* EXERCISE INPUTS

BEGIN

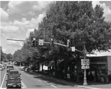
Falls Church Trees
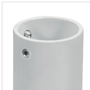
4mm heavy duty steel capable of supporting substantial loads
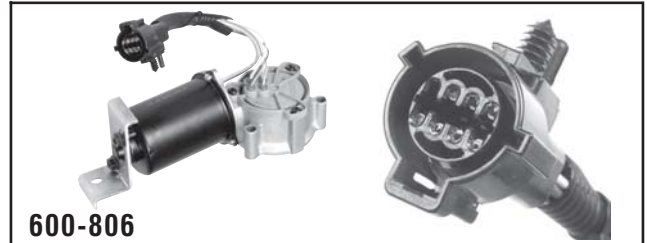
600-806 Transfer Case Motor 2003 Expedition/Navigator Fits Borg Warner 4416 Transfer Case Round Plug w/7 Pins
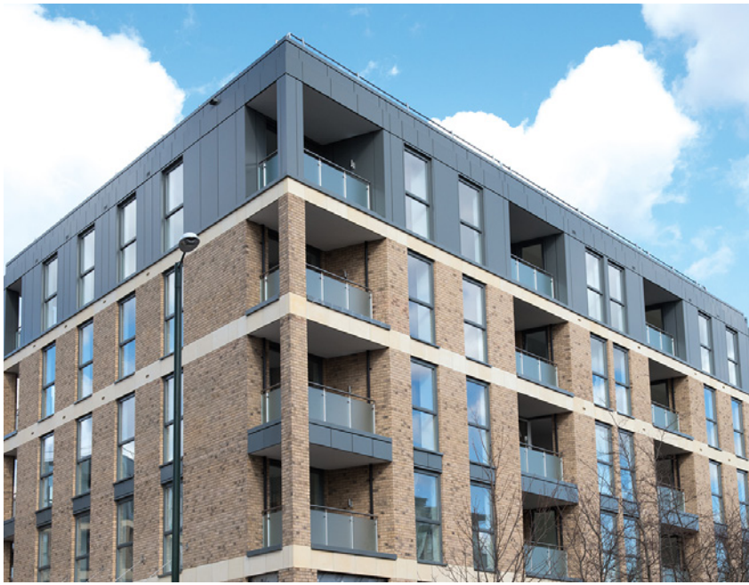
Bessant Drive, PA Housing

2026 Affordable Homes Programme when the prospectus is published (expected November/ December 2020). Following the Mayoral elections in 2022, the Council will continue to lobby for our affordable housing needs to ensure the Borough receives an equitable and fair proportion of future investment programmes.
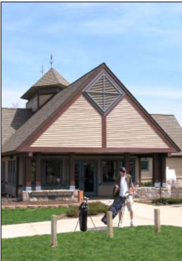
Frederick L. Barkley Golf Center
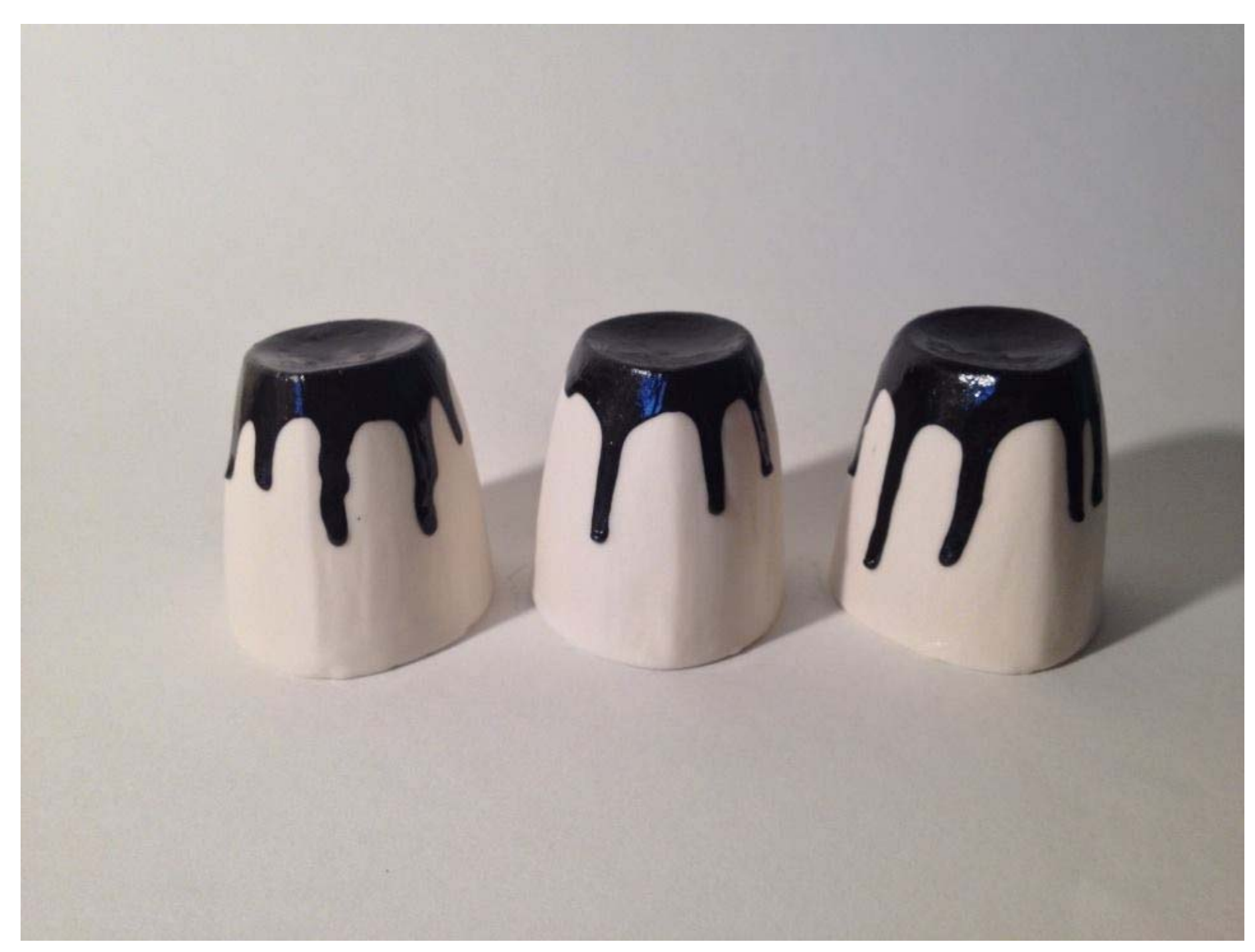
Figure 4: Whiskey Cups.
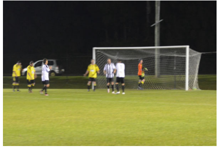
KILLARNEY's first goal
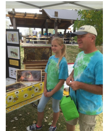
Learning About River Topics
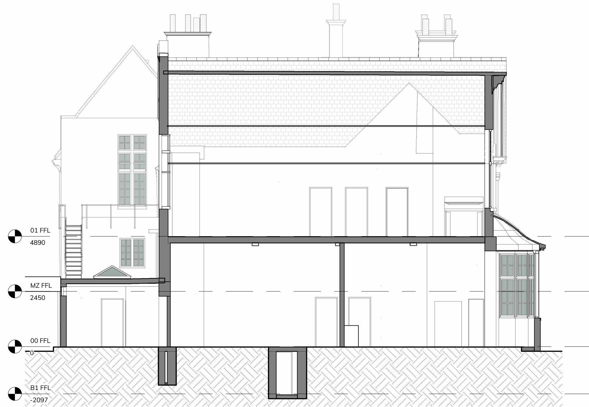
D GA Section D Existing 1 : 100
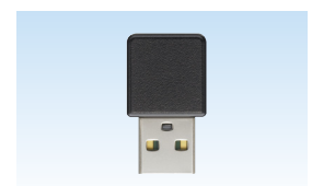
IFU-WLM3 USB Wireless LAN Module
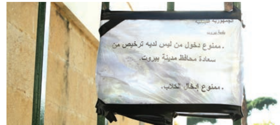
Sign placed by the Beirut municipality saying that persons cannot enter if they do not have a permit.

To achieve these objectives, specialized teams of volunteers dedicated themselves to a distinct set of tasks: A research committee developed arguments for the reopening of the park taking into consideration legal, social, psychological and environmental aspects. In the meantime, the activities committee planned and coordinated advocacy activities, while the communication committee laid particular focus on outreach through social media.
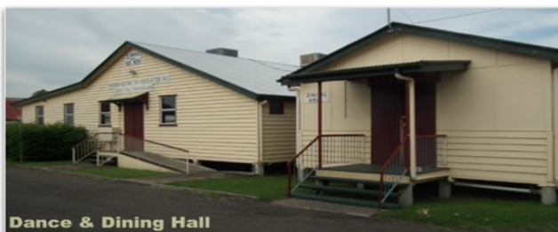
Dance & Dining Hall

Next Month's Rally - Marburg Showgrounds Wednesday 16th June - Tuesday 23rd June Queen Street, Marburg QLD 4346 Ph. 0458003262
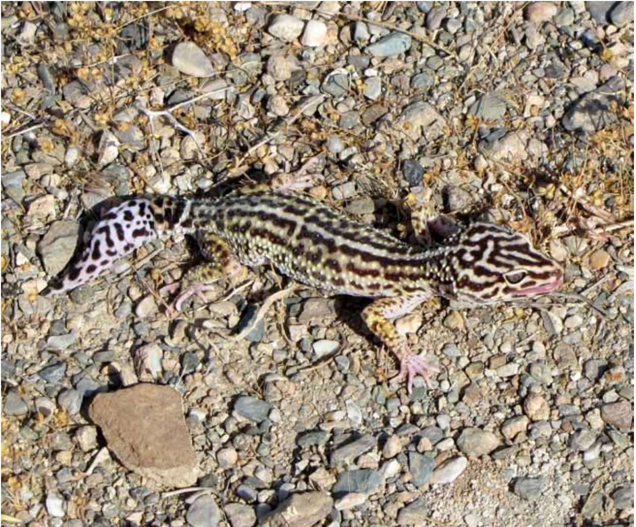
Figure 1. Eublepharis angramainyu .
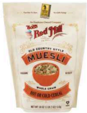
Muesli Old Country Style 18 OZ
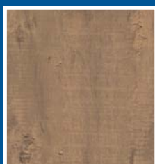
Ozark Distressed Walnut
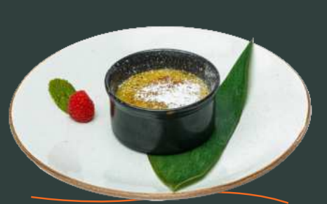
抹茶クリームブリュレ Matcha Crème Brûlée 6.9

Please let a member of staff know if you have any allergies or dietary requirements and they will be happy to assist you.
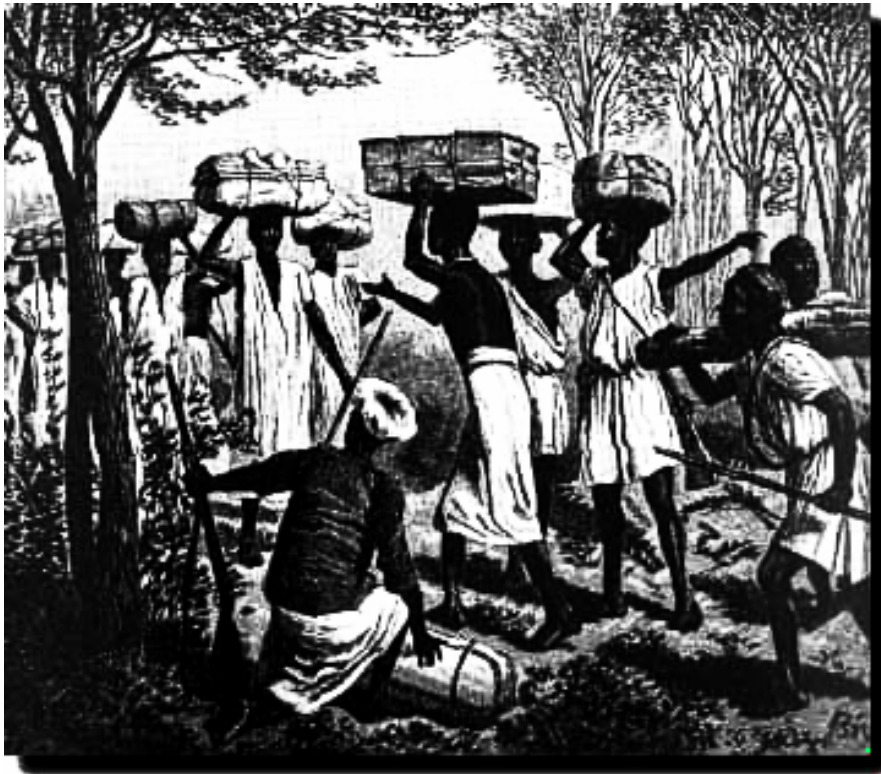
A sketch of porters transporting goods in an expedition

European interest in East Africa at this time developed fast, although most of the contacts were being made in Zanzibar. Zanzibar was now the Omani Sultanate's headquarters instead of Muscat.
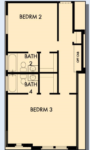
OPTIONAL EXTENDED BEDROOM 2 AND 3 WITH BATH 4
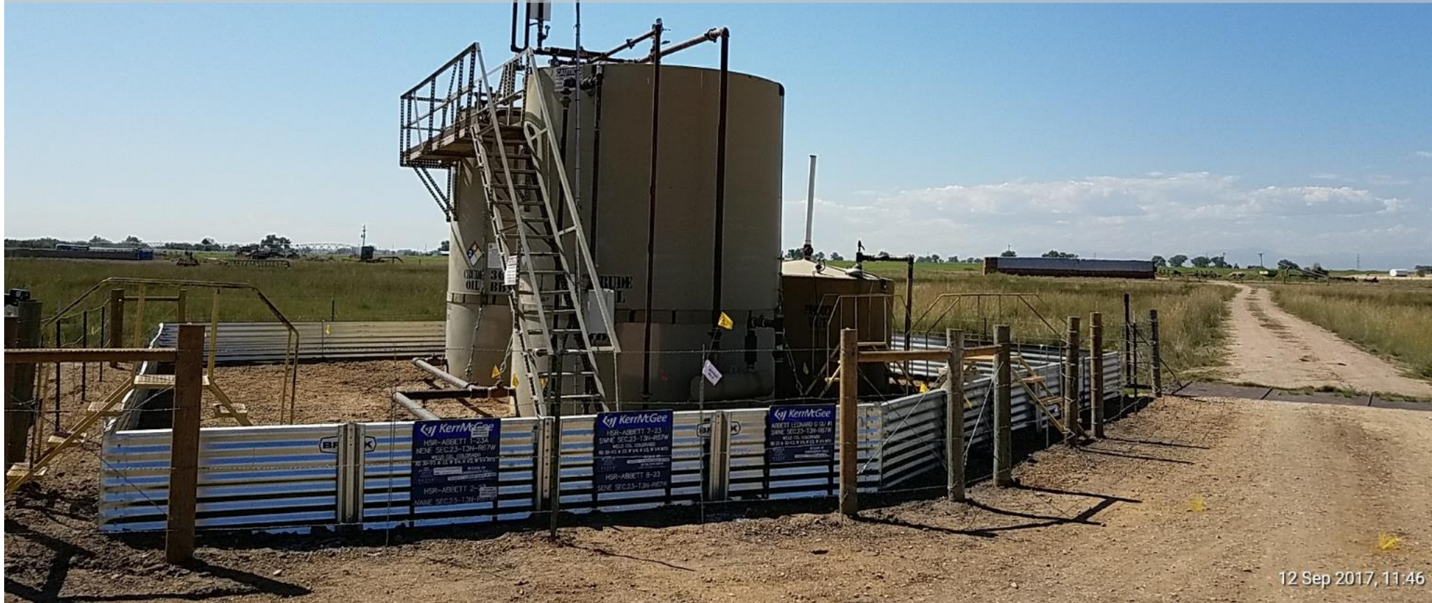
Tank Battery Location Number: 317978

BRG: 36.6° LAT: 40.213072 LON: -104.853916

END

Starting with the line that has "Frederick L. Barkley Golf Center" and ending with the line that has "Sign placed by", repeat the lines above exactly, omitting every picture.

* FINISHED TASK
Frederick L. Barkley Golf Center
Figure 4: Whiskey Cups.
KILLARNEY's first goal
Learning About River Topics
D GA Section D Existing 1 : 100
IFU-WLM3 USB Wireless LAN Module
Sign placed by the Beirut municipality saying that persons cannot enter if they do not have a permit.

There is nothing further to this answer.